WHAT TO DO — With pictures left out, return only the lines from the line containing "Pastel Mint Geek-Chic" through the end of the material below, both included.

DATA EXCERPT —
◇ ◇ ◇ ◇ ◇ ◇ ◇

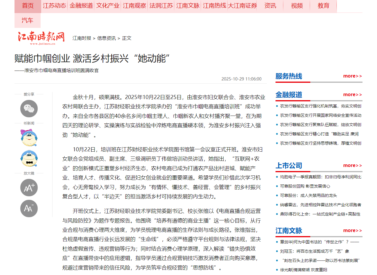 金秋十月,硕果满枝。2025年10月22日至25日,由淮安市妇女联合会、淮安市农业农村局联合主办,江苏财经职业技术学院承办的“淮安市巾帼电商直播培训班”成功举办。来自全市各县区的40余名乡间巾帼主理人、巾帼新农人和女村播齐聚一堂,在为期四天的理论研学、实操演练与实战检验中淬炼电商直播硬本领,为淮安乡村振兴注入强劲“她动能”。
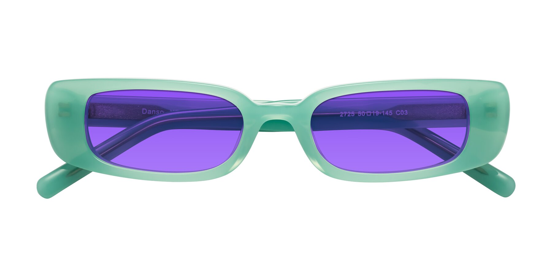 Pastel Mint Geek-Chic Acetate Rectangle Tinted Sunglasses with Purple Sunwear Lenses
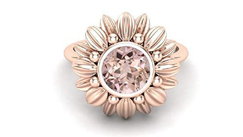 DRISHYA FASHION Round Cut Simulated Peach Morganite Sunflower Beautiful Engagement Ring 14k Rose Gold Plated 925…

◇ ◇ ◇ ◇ ◇ ◇ ◇

WRITTEN RESPONSE —
 Pastel Mint Geek-Chic Acetate Rectangle Tinted Sunglasses with Purple Sunwear Lenses
 DRISHYA FASHION Round Cut Simulated Peach Morganite Sunflower Beautiful Engagement Ring 14k Rose Gold Plated 925…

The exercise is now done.